CREATE (alice)-[:CLOSE_FRIEND {
since: timestamp(),
interaction_score: 0.95
}]->(carol);
-- Professional connections
MATCH (alice:User {id: 'u1'}), (david:User {id: 'u4'})
CREATE (alice)-[:COLLEAGUE {
company: 'TechCorp',
start_date: date('2022-03-01'),
department: 'Engineering'
}]->(david);
Content and Engagement
-- Posts
CREATE
(:Post {
id: 'p1',
content: 'Just launched my first graph database app!',
timestamp: timestamp(),
type: 'text',
visibility: 'public'
}),
(:Post {
id: 'p2',
content: 'Check out this amazing graph visualization',
timestamp: timestamp(),
media_url: 'https://example.com/viz.png',
type: 'image'
});
-- Authorship
MATCH (alice:User {id: 'u1'}), (post:Post {id: 'p1'})

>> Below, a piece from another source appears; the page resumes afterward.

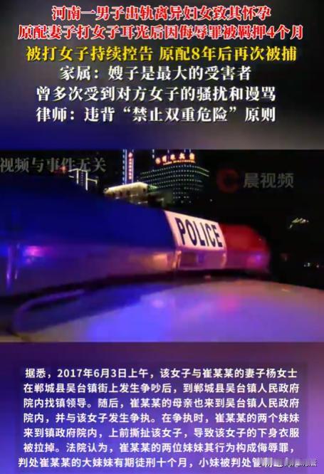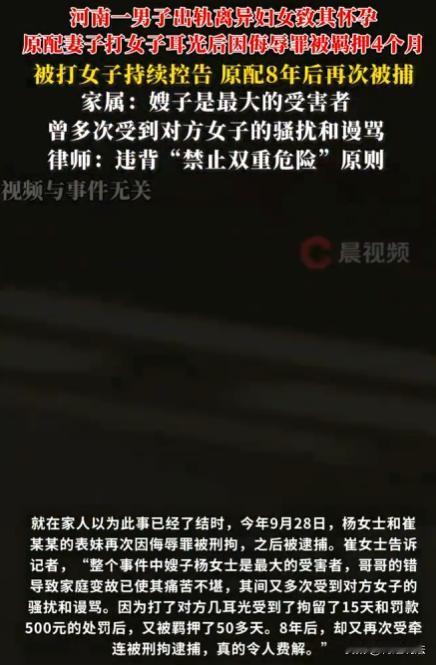 河南,已婚男子与离异女子发展不正当关系,女子怀孕后向男子索要9万赔偿,被原配发现,怒打女子两耳光,被罚款500元、拘留15天,后又因侮辱罪被羁押4个月。但女子仍不解气,持续告状,8年后原配再次因同一事件被捕。 已婚的崔某某,2016年时,跟镇上一离异女子好上了。 崔某某就是图个新鲜,没想负责,家里老婆孩子照旧,结果这女子怀孕了,想让崔某某离婚娶她,崔某某哪肯。 女子可没想放过他,到崔某某的单位大闹,让他名声扫地。 2017年4月,崔某某被这事搅得焦头烂额,他找了个中间人去跟那离异女子调解。最后赔了女子9万块钱,条件是让她去做流产,两人以后彻底断干净,不再有任何瓜葛。 本以为这事就这么过去了,可6月3日上午,女子和崔某某妻子杨某在大街上碰到了。 这场景,就跟仇人见面似的,分外眼红,两人当场就吵了起来。 当时,还引来了不少路人围观。 两人吵着吵着,还把镇上领导也找了来,想让其给评评理。 崔某某的母亲和两个妹妹听说这情况,火急火燎地赶了过来,一家人凑在一起,那情绪一上来,就开始骂那离异女子。 骂着骂着,气氛就不对了,后来直接动了手。 杨某当时也在气头上,上去就打了那女子两耳光,那女子被打后,当场就决定要告杨某和她两个小姑子。 起诉后,两个妹妹因为侮辱罪,一个被判了10个月,另一个被管制2年。杨某先是被罚款500元、拘留15天。 到了10月,又因为强制猥亵、侮辱罪被刑拘,在看守所待了4个多月后,才取保候审出来。 杨某出来后,本以为这事终于能消停了,可女子,一直咽不下被耍的这事。 8年来,她一直不停地告状,到处反映情况,就想着要讨个说法。 杨某在这8年里日子也不好过,就怕那女子又整出什么幺蛾子,家里人也都跟着担惊受怕,生活被搅得一团糟。 2025年10月25日,杨某突然被警方逮捕,理由还是因为当年的侮辱罪。 杨某当时就崩溃了,她怎么也想不明白,这么多年过去了,怎么又因为这事被逮捕。 这事儿一传开,大家都在议论纷纷,各种观点都有。 有人说,杨某一家当时太过分了,当街对那女子进行辱骂和殴打,这种行为就应该受到法律的严惩,现在再次被逮捕也是活该。 可也有人觉得,那离异女子插足别人的婚姻,本身就是不道德的行为。杨某作为原配,一时冲动才做出了那些过激的举动。 而且2017年杨某已经因为这事儿受到了行政处罚,现在过了8年又因为同一件事被追诉,感觉有点不太合理,是不是法律在偏袒那个插足的离异女子,还浪费了司法资源。 女子觉得自己这么多年一直坚持告状,就是为了讨回一个公道,她觉得自己在这段关系里受了太多的委屈,不能就这么算了。 杨某2017年受行政处罚后,2025年又被逮捕追诉,是否违反禁止双重危险原则呢? 根据《刑法》第三条,法律明文规定为犯罪行为的,依照法律定罪处刑。 行政处罚依据的是《行政处罚法》,针对违反行政管理秩序行为,像罚款、拘留等。而刑事处罚针对犯罪行为,二者性质不同。 禁止双重危险原则,这个原则是说一个人不能因为同一犯罪行为,多次受到刑事追诉和处罚。 从本案看,杨某2017年受到的是行政处罚,行政处罚和刑事处罚是不同的。行政处罚是对违反行政管理法规行为的制裁,刑事处罚是对犯罪行为的制裁。 杨某2017年的行为虽然受到了行政处罚,但如果后续发现其行为构成犯罪,还是可以追究刑事责任的,这并不违反禁止双重危险原则。 杨某当街撕扯女子衣物、打耳光公开羞辱,这符合《刑法》第二百四十六条规定的侮辱罪的范畴。该条款指出,以暴力或者其他方法公然侮辱他人,情节严重的,处三年以下有期徒刑、拘役、管制或者剥夺政治权利。 法律并没有规定因为道德问题就可以用暴力手段解决,小三插足是道德问题,原配应该通过合法途径维护自己的权益,而不是用暴力。 长期追诉如果没有新的不法事实,8年后因为同一行为再追责,只要符合犯罪构成要件,有充分的证据证明,就是有法律依据的。 法律可不会因为对方是“小三”有道德问题,就允许用暴力手段解决,维权必须合法。 遇到问题,不能靠暴力解决,要依法维权,小三插足是不道德的行为,但我们不能用违法的手段去报复,要用合理合法的方式处理问题。

CREATE (alice)-[:POSTED {timestamp: timestamp()}]->(post);
-- Engagement
MATCH (bob:User {id: 'u2'}), (post:Post {id: 'p1'})
CREATE (bob)-[:LIKED {timestamp: timestamp()}]->(post);
MATCH (carol:User {id: 'u3'}), (post:Post {id: 'p1'})
CREATE (carol)-[:SHARED {
timestamp: timestamp(),
comment: 'This is awesome!'
}]->(post);
Implementation Guide
Step 1: Friend Recommendations
Mutual Friends Algorithm
-- Find users with mutual friends
MATCH (me:User {id: 'u1'})-[:FOLLOWS]->(mutual:User)<-[:FOLLOWS]-(candidate:User)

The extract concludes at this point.